- Data supplied:
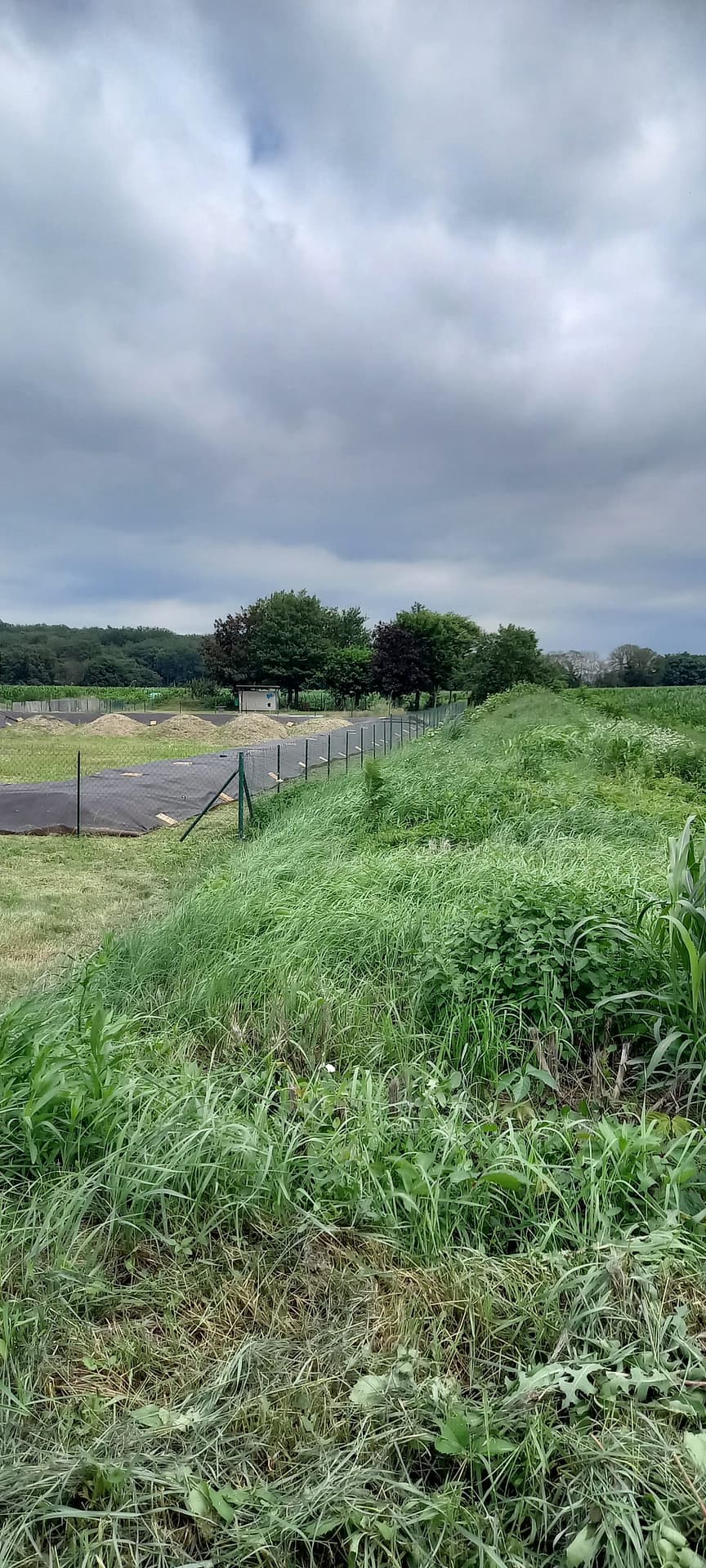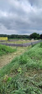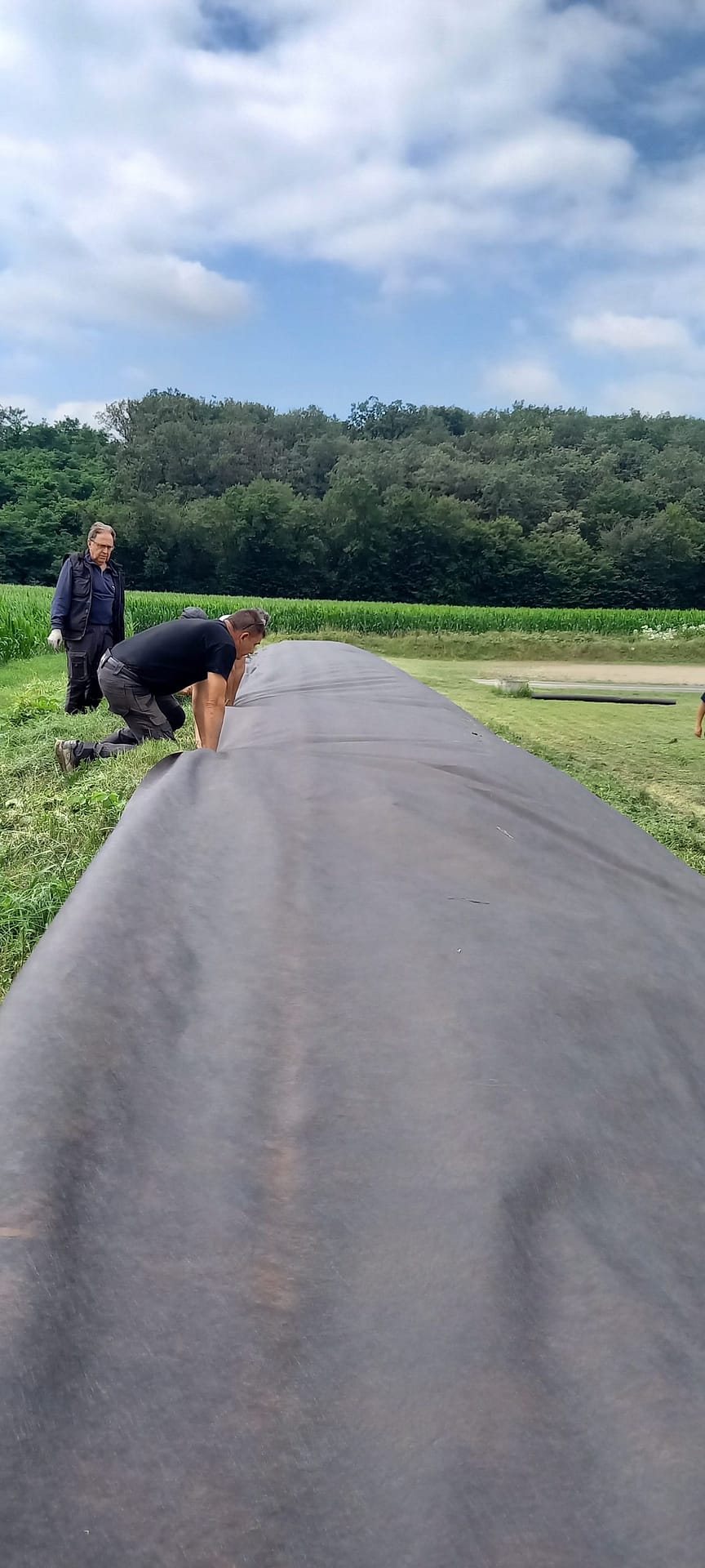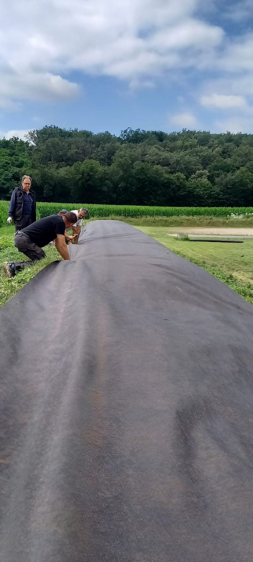 La pose de la bâche autour du nouveau bassin (sur la bute) a mobilisé beaucoup de personnes et d’efforts, le résultat devrait être probant : adieu les mauvaises herbes !
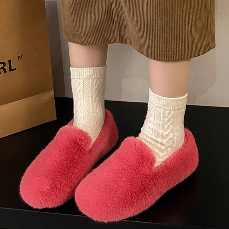 Женские меховые лоферы на плоской подошве, хлопковые ботинки, удобная обувь для женщин, зима 2024, новые теплые удобные женские ботинки, женские плюшевые ботинки для женщин
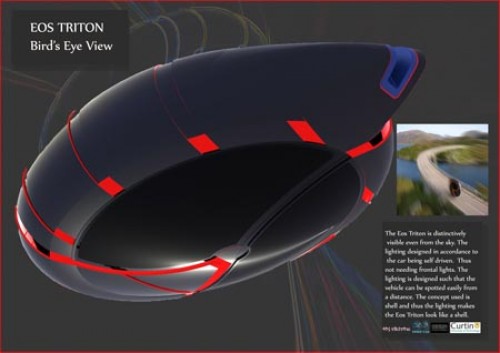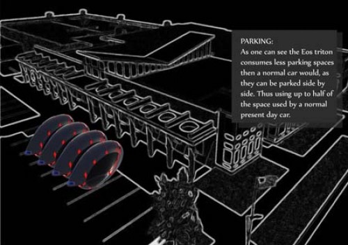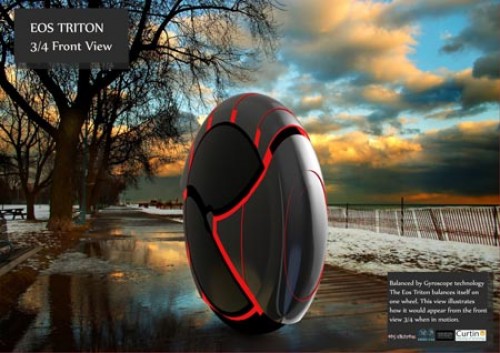 EOS Triton是为2025年设计的个人交通工具,它的设计灵感来自螺旋的海螺,单轮的设计更节省了行车以及停车的空间,自身具有平衡感应系统。而且它的智能水平相当高,你只要输入目的地,不需要驾驶,它就可以自动行驶,而在这个过程里,你需要做的就是休息或者网上冲浪什么的。那我的驾照不是白学了么。。。 |
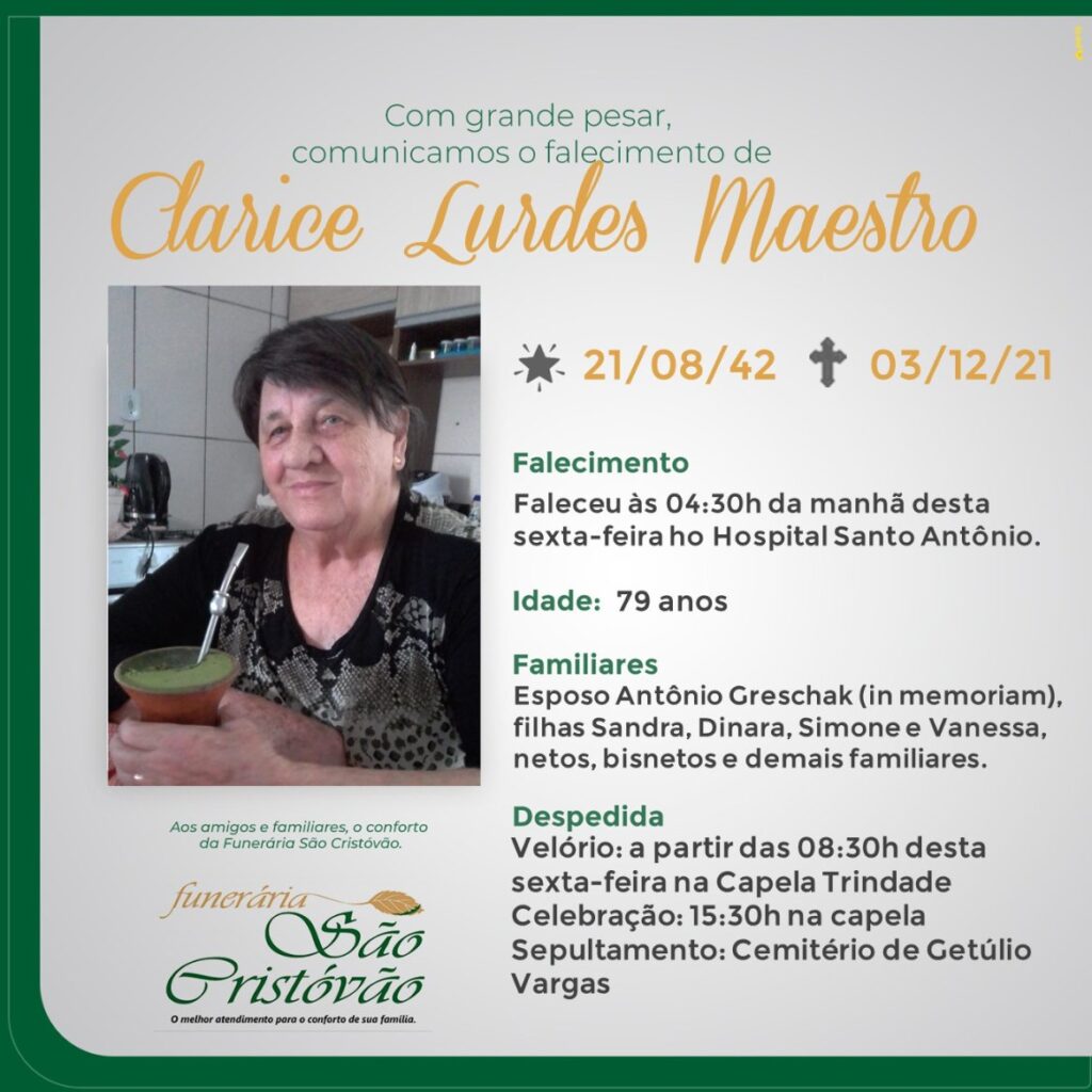 A FunerárA Funerária São Cristóvão, juntamente com a família Maestro, comunica com pesar, o falecimento da senhora Clarice Lurdes Maestro, com 79 anos de idade, ocorrido as 04:30 horas desta sexta-feira (03/12) no Hospital Santo Antônio de Tapejara. O velório acontece na Capela Trindade da Funerária São Cristóvão. As 15:30 horas celebração a Capela e após seu sepultamento no Cemitério de Getúlio Vargas.
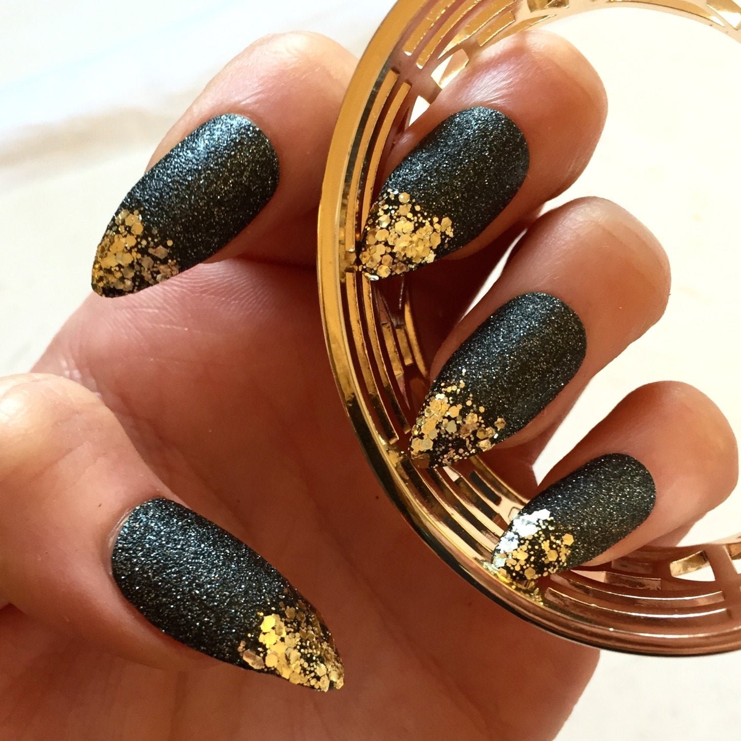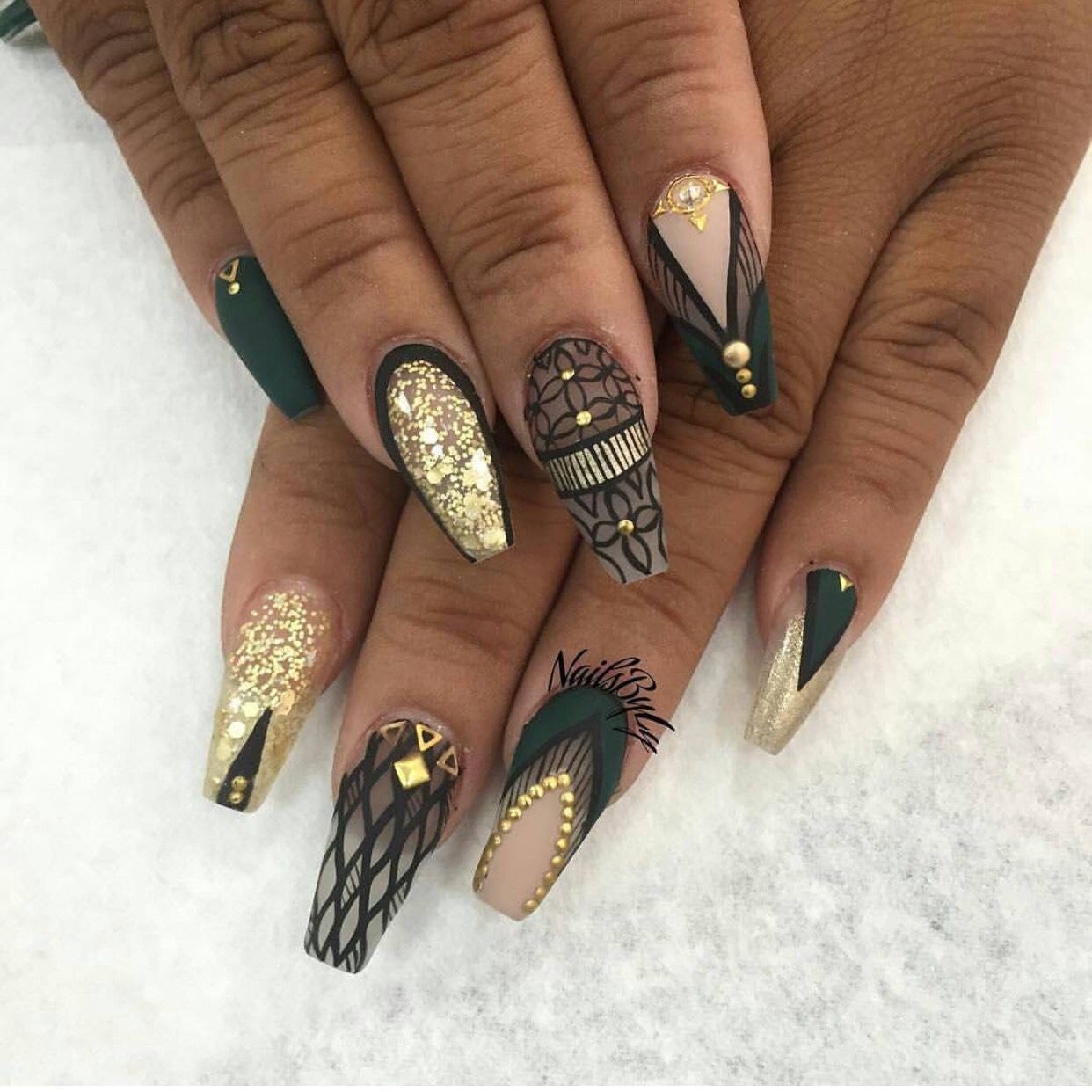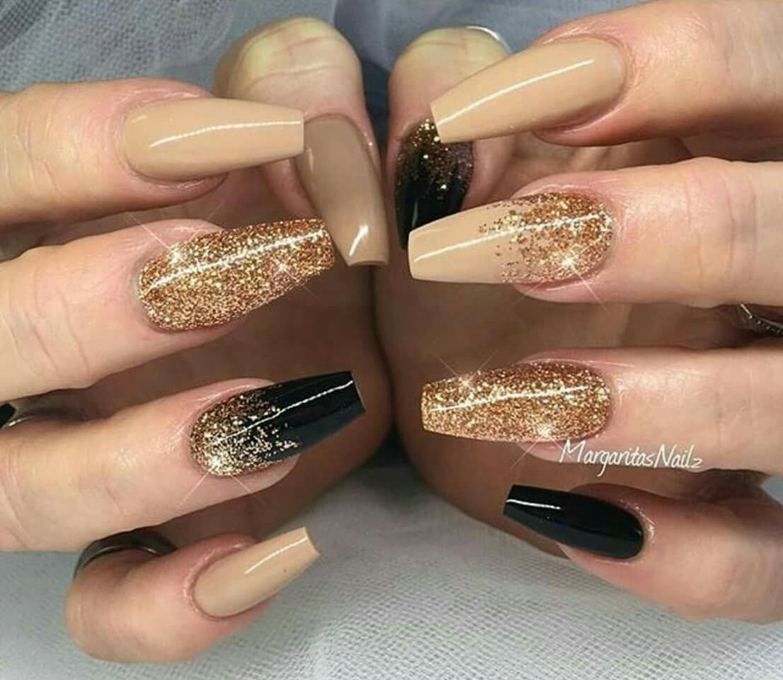 Ногти балерина черные с золотом

- Activity:
Retype all of the data above word for word, excluding the pictures.

- Exercise answer:
 La pose de la bâche autour du nouveau bassin (sur la bute) a mobilisé beaucoup de personnes et d’efforts, le résultat devrait être probant : adieu les mauvaises herbes !
 Женские меховые лоферы на плоской подошве, хлопковые ботинки, удобная обувь для женщин, зима 2024, новые теплые удобные женские ботинки, женские плюшевые ботинки для женщин
 EOS Triton是为2025年设计的个人交通工具,它的设计灵感来自螺旋的海螺,单轮的设计更节省了行车以及停车的空间,自身具有平衡感应系统。而且它的智能水平相当高,你只要输入目的地,不需要驾驶,它就可以自动行驶,而在这个过程里,你需要做的就是休息或者网上冲浪什么的。那我的驾照不是白学了么。。。 |
 A FunerárA Funerária São Cristóvão, juntamente com a família Maestro, comunica com pesar, o falecimento da senhora Clarice Lurdes Maestro, com 79 anos de idade, ocorrido as 04:30 horas desta sexta-feira (03/12) no Hospital Santo Antônio de Tapejara. O velório acontece na Capela Trindade da Funerária São Cristóvão. As 15:30 horas celebração a Capela e após seu sepultamento no Cemitério de Getúlio Vargas.
 Ногти балерина черные с золотом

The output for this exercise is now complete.